Drucker, who focused on management, called the third stonecutter “the true manager” for understanding the importance of the whole enterprise, not just one’s part. Harvard University president Drew Faust interpreted the parable similarly, saying, “The third stonecutter reminds us that the individual is not enough, that we want to make a difference in and for the world—as it is today and as it will be in the future.”

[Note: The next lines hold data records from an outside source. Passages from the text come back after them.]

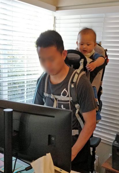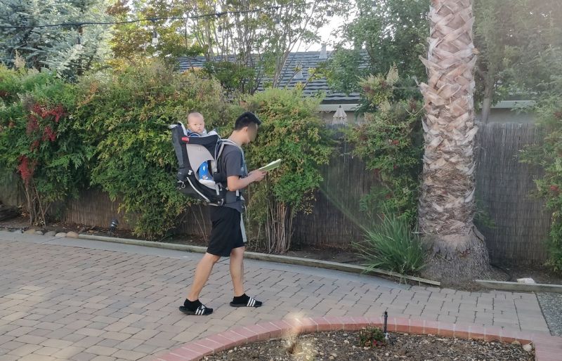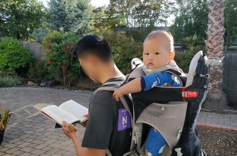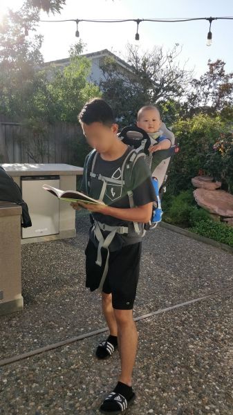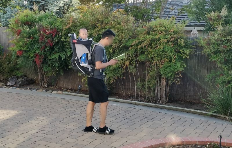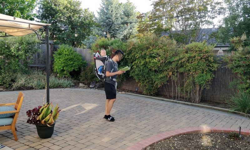 小小阿立不甘落后,后院里背篓散步不忘一卷在手:
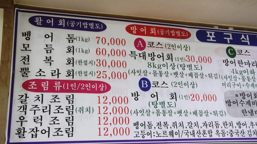 식당 내부로 들어가면 가장 먼저 메뉴판이 보입니다. 메뉴판에서는 여러 가지 메뉴를 먹어볼 수 있는데요. 참고로 방어회 주문할 때 방어 수제비 지리 또는 매운탕 한 냄비를 만원에 먹어볼 수 있습니다.
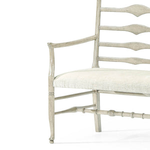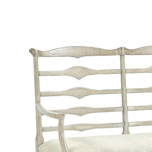 Country Ladder Back Bench, this English country-style whitewash driftwood ladder back two-seat bench has a shaped back rail, graduated ladder slats with triangular shaping in the center and an upholstered seat. Turned legs and stretchers beneath.
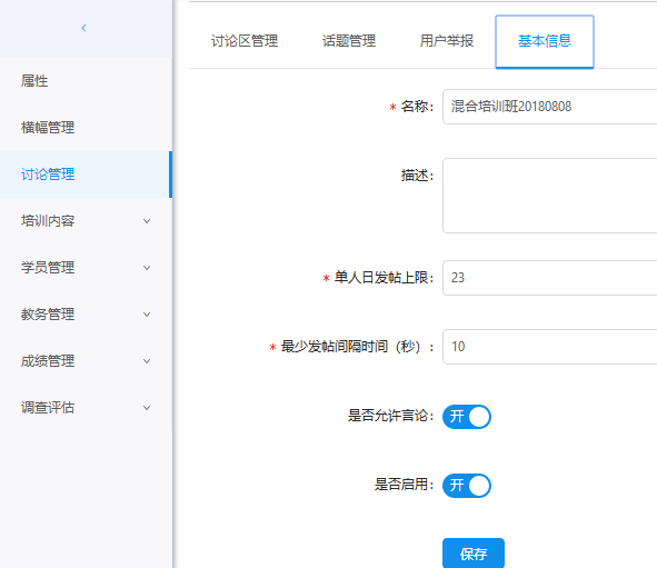 班级成员交流的区域。可以维护讨论区的基本设置、话题管理、查看用户举报等。
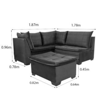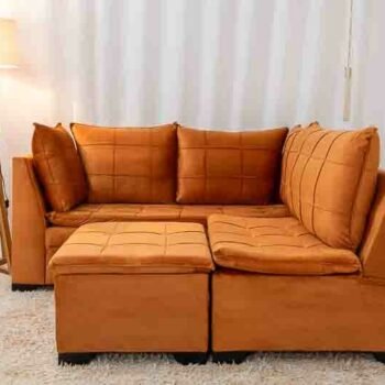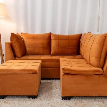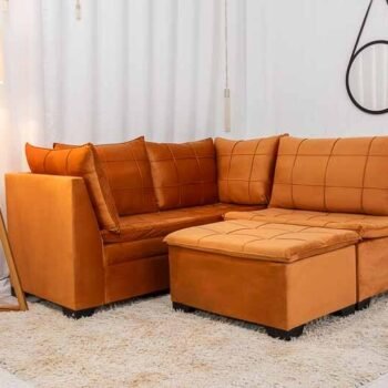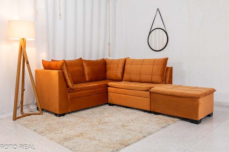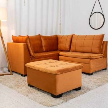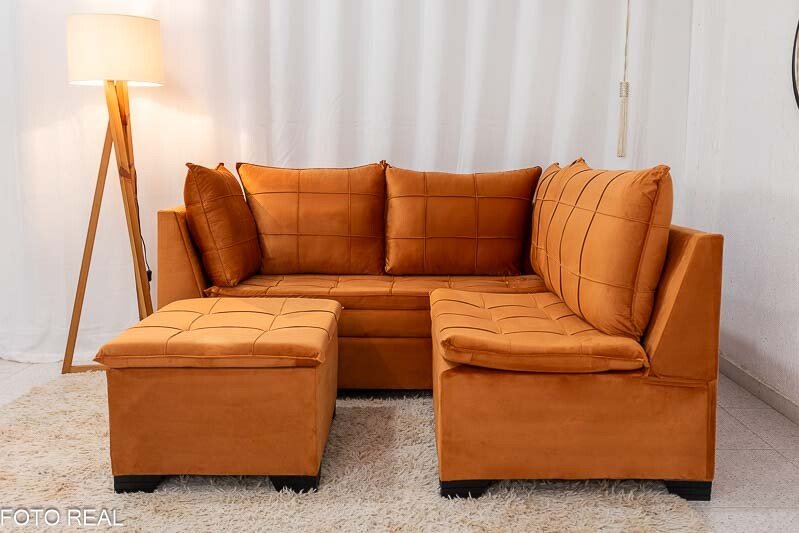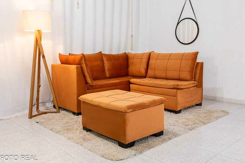 3{%%}Descrição{%%}Sofá Canto 5 lugares com Puff Viena Veludo Terracota A62
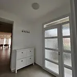 The apartment offers an adjoining terrace and a fully equipped kitchen with views of the garden and comforts like an air conditioner and a washing machine. For added convenience, a separate toilet and a shower are available at the property.
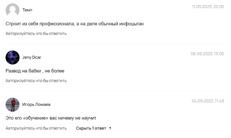 В негативных отзывах клиенты говорят, что никаких курсов он не скидывает после оплаты, а просто блокирует профиль человека после заключения сделки. Пользователи также отмечают, что он не представляет никаких лицензий, сертификатов, подтверждающих его знания.
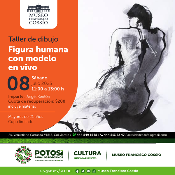 El sábado 08 de julio, se llevará a cabo el Taller de dibujo «Figura humana con modelo en vivo», que será impartido por Ángel Rentón de 11:00 a 13:00 horas. El taller está dirigido a personas mayores de 21 años y tiene una cuota de recuperación de $200, que incluye todos los materiales necesarios.

I believe that they undervalued the parable, at least for aspiring leaders, in its ability to show that you can become a cathedral builder. The cathedral builder is the happiest of the three, is probably the most productive, and probably finds the most meaning in the work. The difference between their viewpoints is not innate or superhuman. Anyone could believe what the cathedral builder does, including the other two. They differ in what each chooses to believe.*

What I Mean by Belief in This Exercise

Our environments have more information than our brains can store or process. To make sense of everything we perceive, our minds filter out most of the information our senses give us and keep only what they think helps. Consider how complex your environment is. Other people are as complex as we are, and we don’t understand ourselves perfectly. And there are seven billion other people, plus everything else—dogs, cats, trees, planets, stars, and so on. Our brains didn’t evolve to represent reality perfectly. They evolved to handle what affects us. They simplify reality for a purpose. That’s what I mean by belief (or mental model): a representation of reality for a purpose. We’ll learn a lot more about beliefs, so you don’t have to get everything now.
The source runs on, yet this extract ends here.